The missing part of machine learning is the human judgment. Human judgment will become more valuable over time because machines will become better at forecasting, but they don't know what's happening in the business and they won't be able to understand it. 

FP&A are the ones who can identify things like when we’re introducing a new line of products, and actually, this product isn’t performing because of sales.

Our judgment will inform what the focus will look like and the ones that are still in the loop. 

So, what does human judgment look like in practice?
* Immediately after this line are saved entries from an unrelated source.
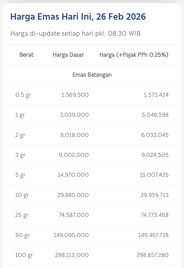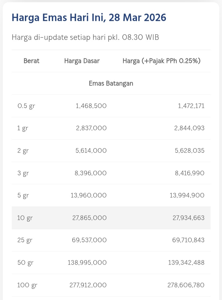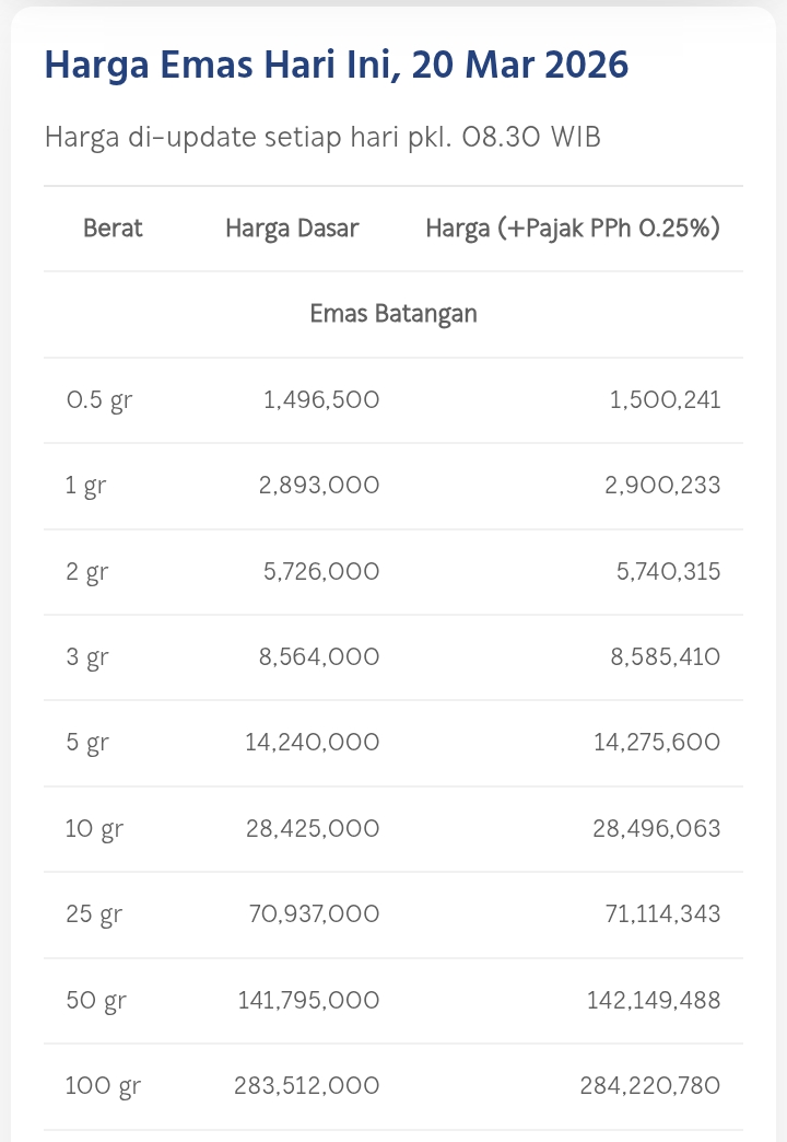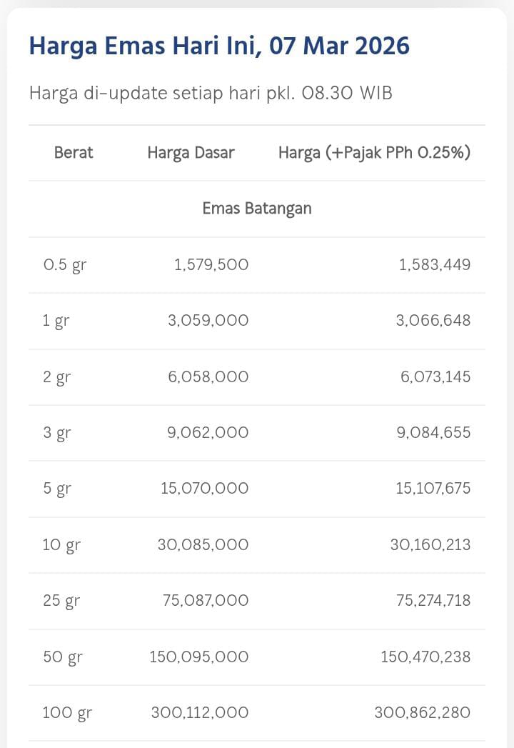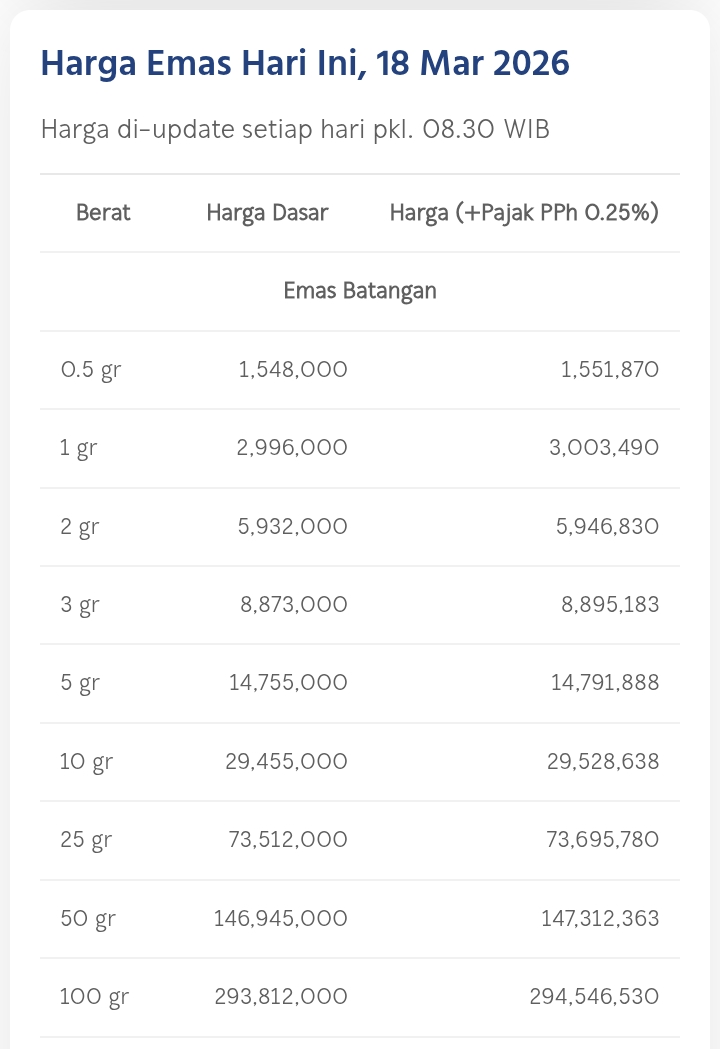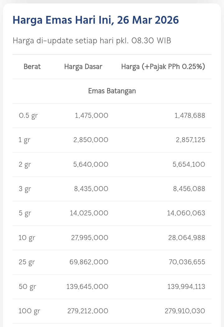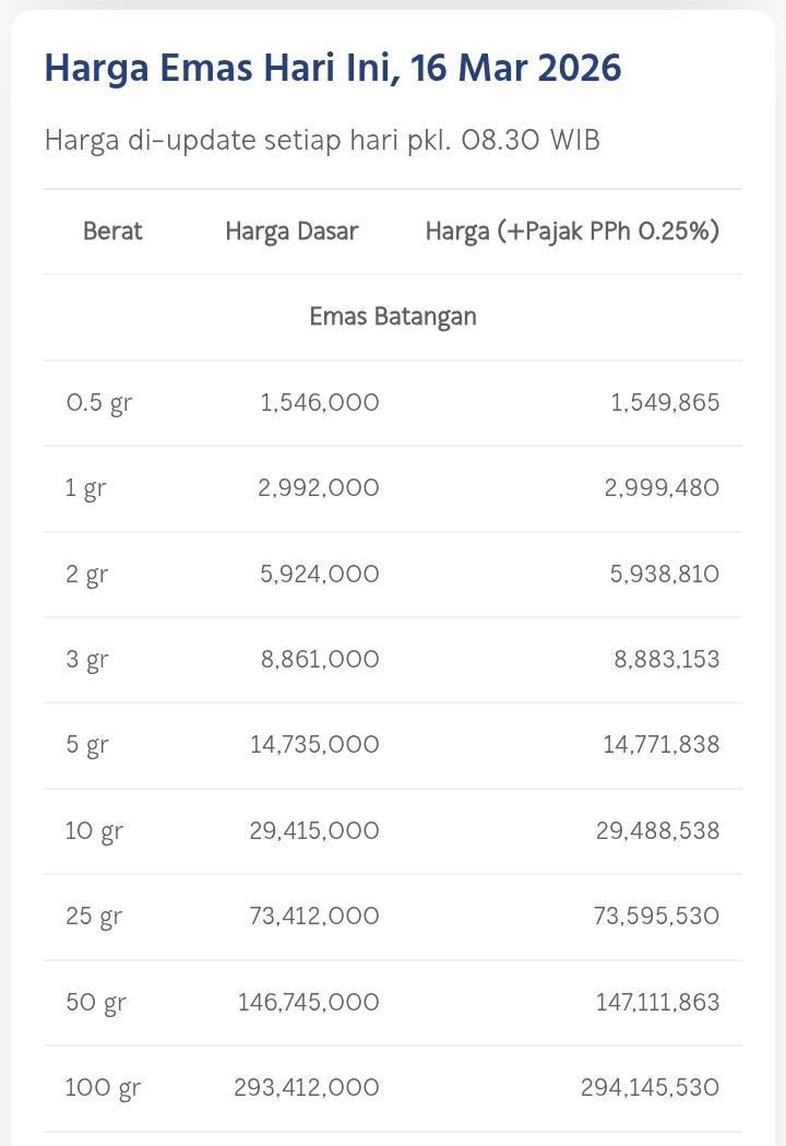 Emas Dunia Antam BSI Gold Galeri 24 Emasku Lotus Archi Grafik Cicil Harga Emas Hari Ini (Logam Mulia Antam) LM Antam (Logam Mulia Antam) adalah produk emas batangan dengan kadar kemurnian 99,99% yang diproduksi oleh PT Aneka Tambang Tbk (Antam). Ini adalah pilihan investasi emas paling populer dan terpercaya di Indonesia. Berapa harga emas Antam hari ini? Harganya ada di bawah ya. Harga emas berubah setiap hari, perubahannya di-update setiap jam 08.30 WIB. Beli emas Antam di sini Info Belanja Terlaris 1 di Shopee! Ini Dia Daftar Produknya Harga Emas Antam Tanggal 3 April 2026 ⬇️ Rp65.000 Harga Emas Antam Tanggal 28 Maret 2026 ⬆️ Rp27.000 Harga Emas Antam Tanggal 27 Maret 2026 ⬇️ Rp40.000 Harga Emas Antam Tanggal 26 Maret 2026 Harga Emas Antam Tanggal 25 Maret 2026 ⬆️ Rp7.000 Harga Emas Antam Tanggal 24 Maret 2026 Harga Emas Antam Tanggal 20 Maret 2026 ⬇️ Rp50.000 Harga Emas Antam Tanggal 19 Maret ⬇️ Rp53.000 Harga Emas Antam Tanggal 18 Maret ⬆️ Rp8.000 Harga Emas Antam Tanggal 17 Maret ⬇️ Rp4.000 Harga Emas Antam Tanggal 16 Maret ⬇️ Rp5.000 Harga Emas Antam Tanggal 14 Maret ⬇️ Rp24.000 Harga Emas Antam Tanggal 13 Maret ⬇️ Rp21.000 Harga Emas Antam Tanggal 12 Maret ⬇️ Rp45.000 Harga Emas Antam Tanggal 11 Maret ⬆️ Rp40.000 Harga Emas Antam Tanggal 10 Maret ⬆️ Rp8.000 Harga Emas Antam Tanggal 9 Maret ⬇️ Rp55.000 Harga Emas Antam Tanggal 7 Maret ⬆️ Rp35.000 Harga Emas Antam Tanggal 6 Maret ⬇️ Rp25.000 Harga Emas Antam Tanggal 5 Maret ⬆️ Rp4.000 Harga Emas Antam Tanggal 4 Maret ⬇️ Rp77.000 Harga Emas Antam Tanggal 3 Maret ⬇️ Rp13.000 Harga Emas Antam Tanggal 2 Maret ⬆️ Rp50.000 Harga Emas Antam Tanggal 28 Februari 2026 ⬆️ Rp40.000 Harga Emas Antam Tanggal 27 Februari 2026 ⬆️ Rp6.000 Harga Emas Antam Tanggal 26 Februari 2026 ⬆️ Rp16.000 Harga Emas Antam Tanggal 25 Februari 2026 ⬇️ Rp45.000 Harga Emas Antam Tanggal 24 Februari 2026 Rp40.000 Harga Emas Antam Tanggal 23 Februari 2026 ⬆️ Rp16.000 Harga Emas Antam Tanggal 21 Februari 2026 Harga Emas Antam Tanggal 20 Februari 2026 Harga Emas Antam Tanggal 19 Februari 2026 Antam Navigasi pos Investasi Perak Harganya Naik 476% dalam 10 Tahun Terakhir Lebih Tinggi dari Emas Cicilan Emas BSI Gold Hari Ini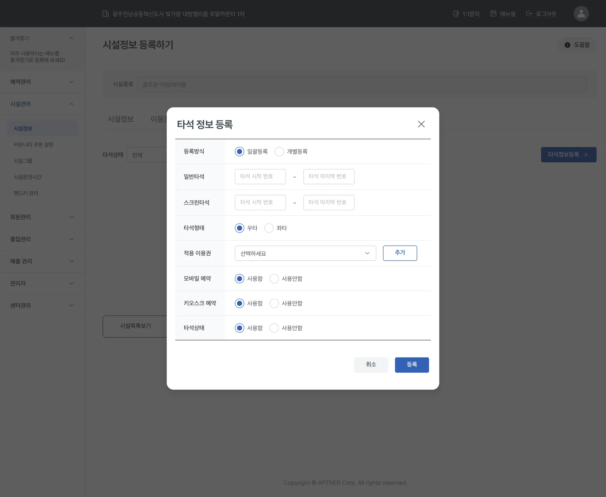 일반타석과 스크린타석이 나누어진 경우 개별로 입력해서 생성할 수 있습니다.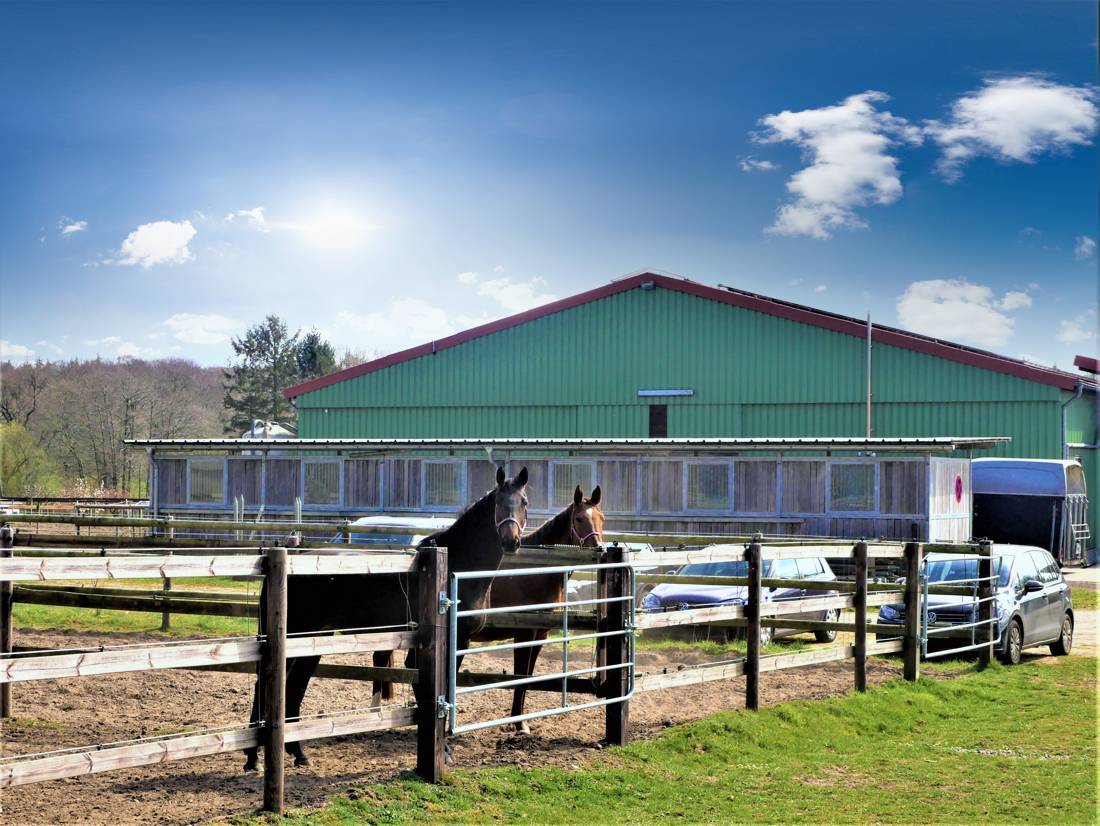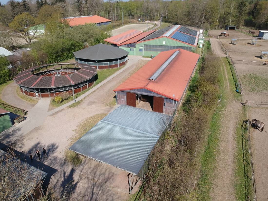 Auf dieser Fläche befindet sich ein Dressurplatz, ein Springplatz, eine Reithalle mit Lagerflächen, eine Bewegungshalle, mehrere Paddocks sowie eine überdachte Führmaschine und eine Longierhalle.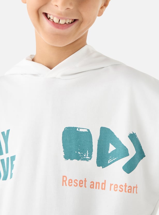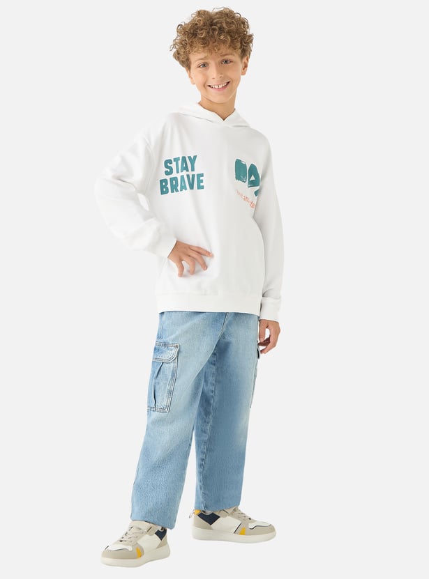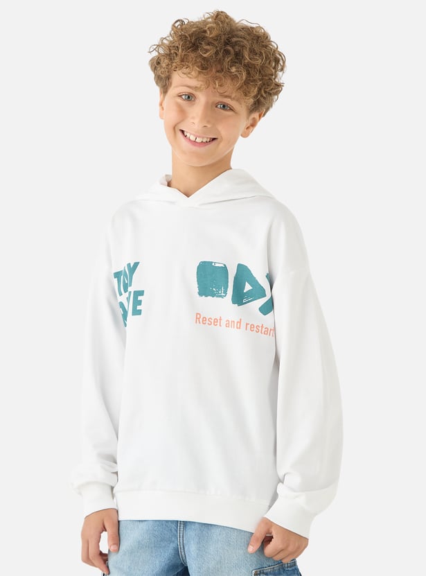This sweatshirt is perfect for active boys who love to stay comfortable. Made from pure fabric, it's soft and breathable, ensuring all-day comfort. The hooded design and long sleeves provide extra warmth and protection from the elements. With its classic style and regular fit, this sweatshirt is a versatile addition to any boy's wardrobe.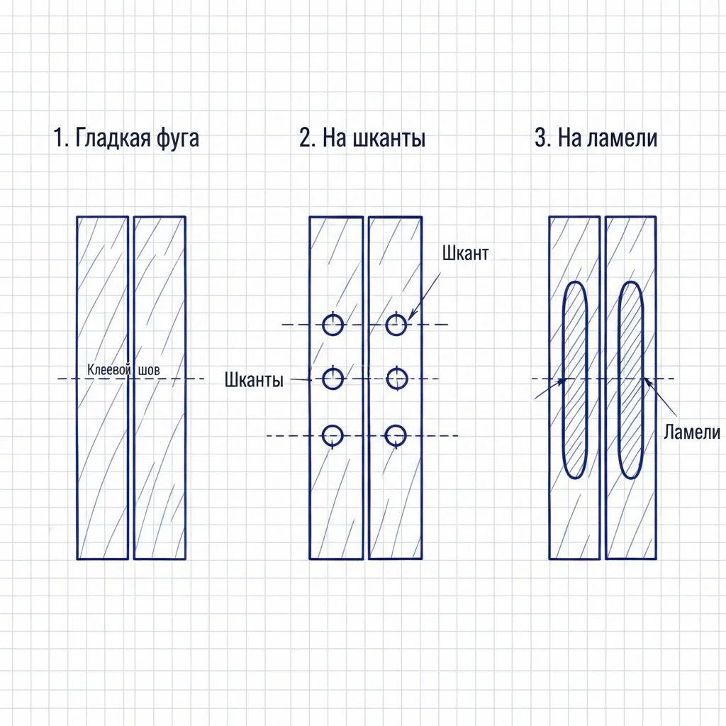 Это классический способ усиления соединения на гладкую фугу. Шканты — это небольшие деревянные цилиндры, которые вставляются в предварительно просверленные отверстия в кромках обеих досок. Они выполняют сразу две важнейшие функции: служат направляющими при сборке и значительно увеличивают прочность соединения.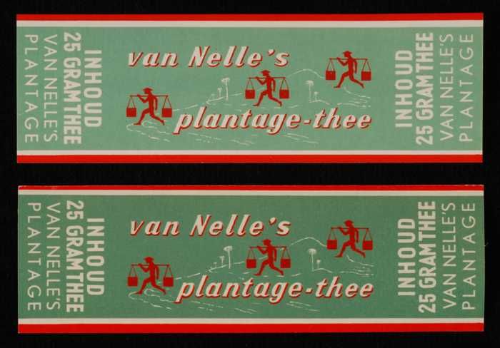Twee groene labels VAN NELLE'S PLANTAGE THEE, 100 gram
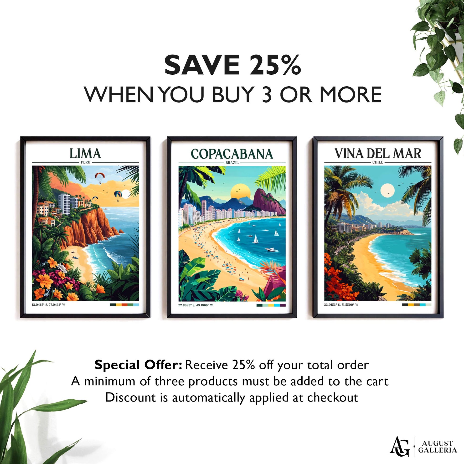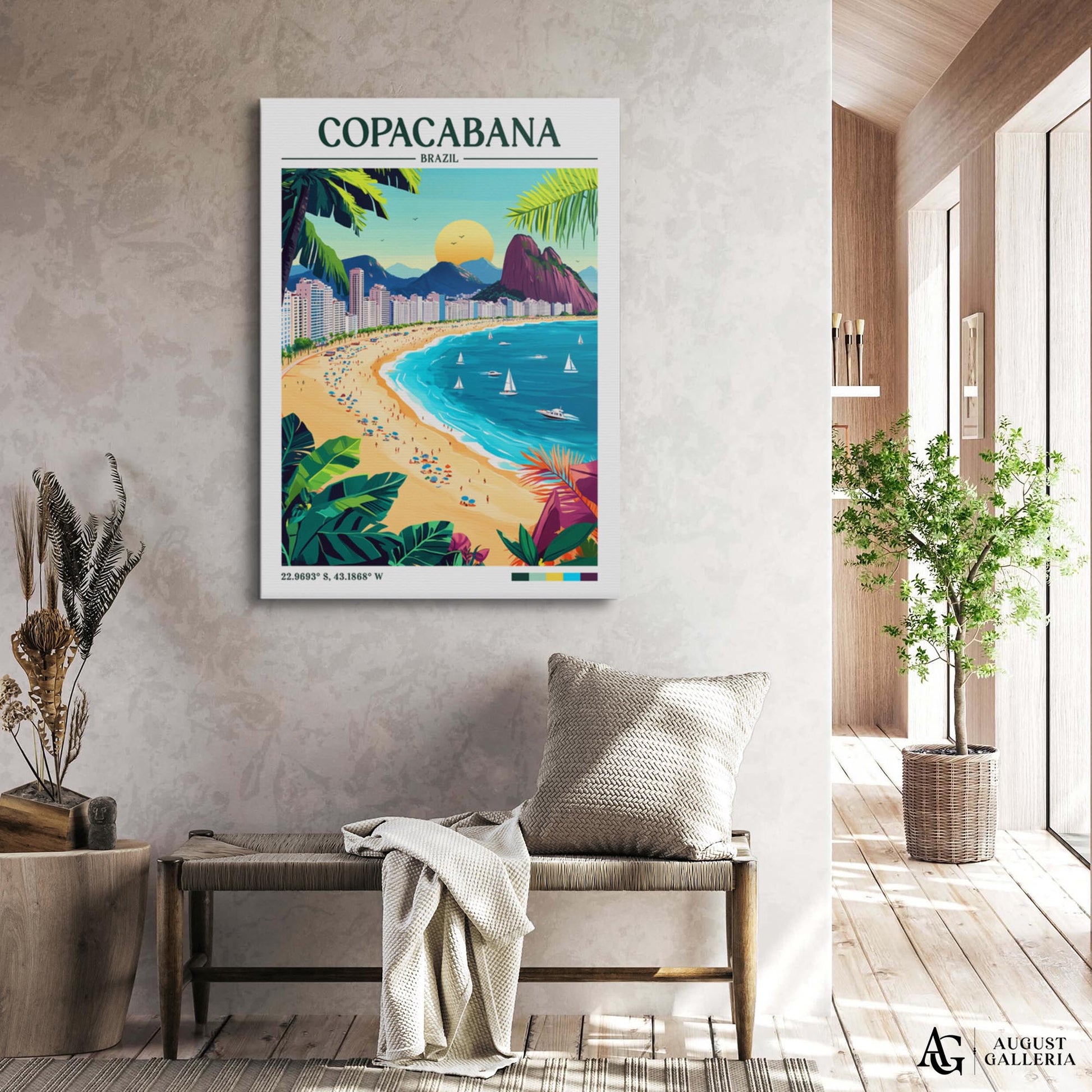 Capture the vibrant energy and iconic beauty of Copacabana with this retro-inspired travel print, celebrating one of the world’s most famous beach destinations. Known for its lively atmosphere, golden sands, and breath-taking ocean views, Copacabana is a place where tropical relaxation meets urban excitement. This artwork showcases the essence of the neighbourhood, from its bustling beachfront to its dynamic culture, making it perfect for those who appreciate sun-soaked escapes, Brazilian culture, and coastal vibes. Whether you’ve strolled along its famous shoreline or dream of visiting, this print brings the spirit of Copacabana into your home, evoking a sense of adventure and paradise.

I’ll give you another example.

We were so accurate in our forecast that we already knew what our revenues would look like for the next 24 months, but it still wasn’t within the company’s goals. We already knew that we had $100 million, and we needed $200 million. So what could we do now to get to that $200 million?

That's when we started to introduce dynamic pricing. 

We either needed to adapt and then succeed to the $200 million, or we would be in stagnation. Or, in other cases, the company could decline.

Without predictions, we wouldn't have been able to achieve this.

Diagram of predictions for dynamic pricing

The future of FP&A is both human and AI-driven

In summary:

  • The human-driven predictions mean that we have a cognitive bias.
  • In FP&A, we’re data-driven but we still don't leverage all the data. 
  • AI is not the optimal solution because humans aren’t in the loop.
  • Both human and AI-driven is the optimal solution. 

But what's next? We’ll have more accurate predictions, we’ll be able to make better decisions, and then at some point, and if needed, our strategy will change. 

Machine learning tools in FP&A are still quite new and more tools will be coming. But once we’re able to get there, we’ll be able to focus more of our time on becoming better business partners.